══ DATA SUPPLIED ══

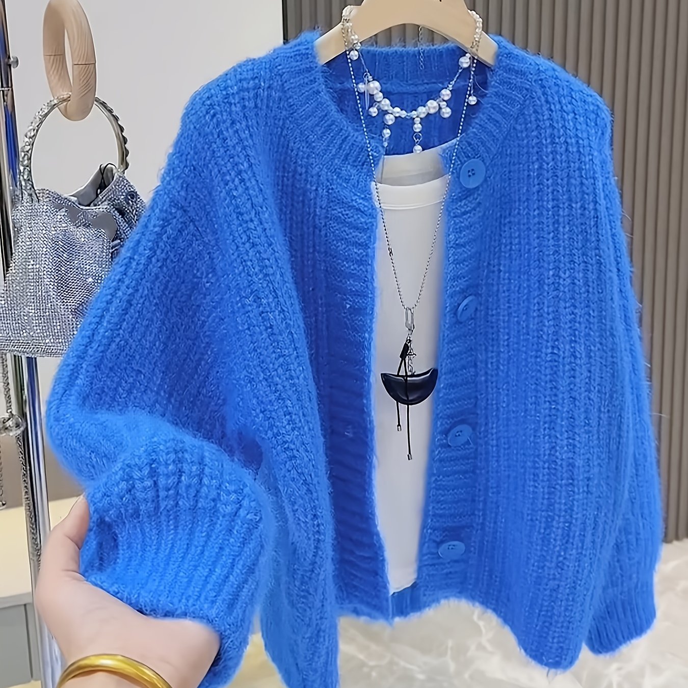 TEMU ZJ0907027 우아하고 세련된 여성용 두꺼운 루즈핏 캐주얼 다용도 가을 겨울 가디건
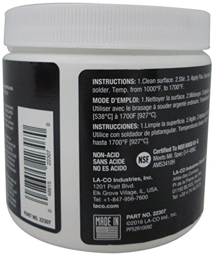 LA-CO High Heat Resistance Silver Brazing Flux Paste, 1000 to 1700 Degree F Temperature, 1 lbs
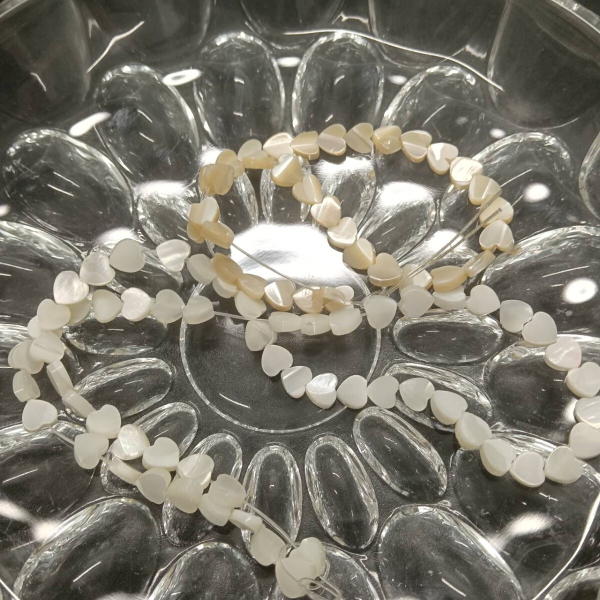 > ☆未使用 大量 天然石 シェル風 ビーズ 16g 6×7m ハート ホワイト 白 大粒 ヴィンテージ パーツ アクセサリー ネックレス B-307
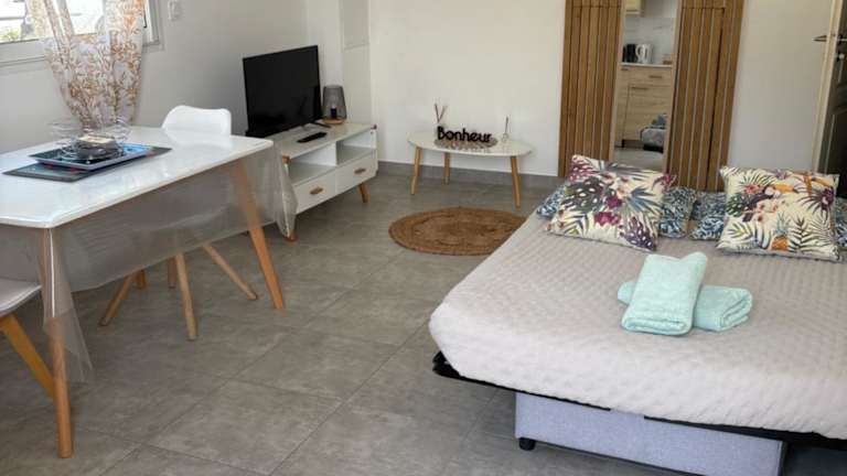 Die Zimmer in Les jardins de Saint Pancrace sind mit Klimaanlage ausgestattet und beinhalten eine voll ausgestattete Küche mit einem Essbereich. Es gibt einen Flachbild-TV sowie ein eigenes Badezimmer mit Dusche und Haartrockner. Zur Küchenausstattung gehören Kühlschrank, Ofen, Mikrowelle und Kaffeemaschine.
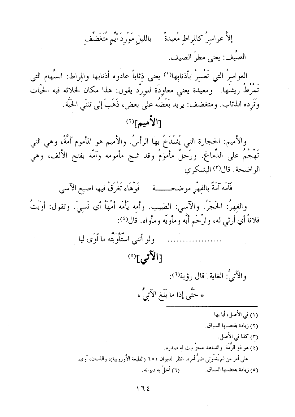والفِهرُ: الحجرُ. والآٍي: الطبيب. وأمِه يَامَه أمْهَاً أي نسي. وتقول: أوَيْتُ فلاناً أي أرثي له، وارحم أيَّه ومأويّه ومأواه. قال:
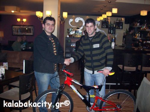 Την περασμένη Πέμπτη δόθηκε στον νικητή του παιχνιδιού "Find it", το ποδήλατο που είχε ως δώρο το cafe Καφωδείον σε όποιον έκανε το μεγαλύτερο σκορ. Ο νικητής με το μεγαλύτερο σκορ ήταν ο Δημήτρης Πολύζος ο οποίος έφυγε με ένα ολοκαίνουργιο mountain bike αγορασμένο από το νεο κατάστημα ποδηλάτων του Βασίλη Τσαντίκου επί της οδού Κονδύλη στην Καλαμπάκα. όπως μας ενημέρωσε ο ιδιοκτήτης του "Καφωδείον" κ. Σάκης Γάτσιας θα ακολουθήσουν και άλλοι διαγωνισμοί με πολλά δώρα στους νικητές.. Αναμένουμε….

═══

[DIRECTIONS]:
Using the material above, retype each entry exactly and omit the pictures.

[RESULT OF THE TASK]:
 TEMU ZJ0907027 우아하고 세련된 여성용 두꺼운 루즈핏 캐주얼 다용도 가을 겨울 가디건
 LA-CO High Heat Resistance Silver Brazing Flux Paste, 1000 to 1700 Degree F Temperature, 1 lbs
 > ☆未使用 大量 天然石 シェル風 ビーズ 16g 6×7m ハート ホワイト 白 大粒 ヴィンテージ パーツ アクセサリー ネックレス B-307
 Die Zimmer in Les jardins de Saint Pancrace sind mit Klimaanlage ausgestattet und beinhalten eine voll ausgestattete Küche mit einem Essbereich. Es gibt einen Flachbild-TV sowie ein eigenes Badezimmer mit Dusche und Haartrockner. Zur Küchenausstattung gehören Kühlschrank, Ofen, Mikrowelle und Kaffeemaschine.
والفِهرُ: الحجرُ. والآٍي: الطبيب. وأمِه يَامَه أمْهَاً أي نسي. وتقول: أوَيْتُ فلاناً أي أرثي له، وارحم أيَّه ومأويّه ومأواه. قال:
 Την περασμένη Πέμπτη δόθηκε στον νικητή του παιχνιδιού "Find it", το ποδήλατο που είχε ως δώρο το cafe Καφωδείον σε όποιον έκανε το μεγαλύτερο σκορ. Ο νικητής με το μεγαλύτερο σκορ ήταν ο Δημήτρης Πολύζος ο οποίος έφυγε με ένα ολοκαίνουργιο mountain bike αγορασμένο από το νεο κατάστημα ποδηλάτων του Βασίλη Τσαντίκου επί της οδού Κονδύλη στην Καλαμπάκα. όπως μας ενημέρωσε ο ιδιοκτήτης του "Καφωδείον" κ. Σάκης Γάτσιας θα ακολουθήσουν και άλλοι διαγωνισμοί με πολλά δώρα στους νικητές.. Αναμένουμε….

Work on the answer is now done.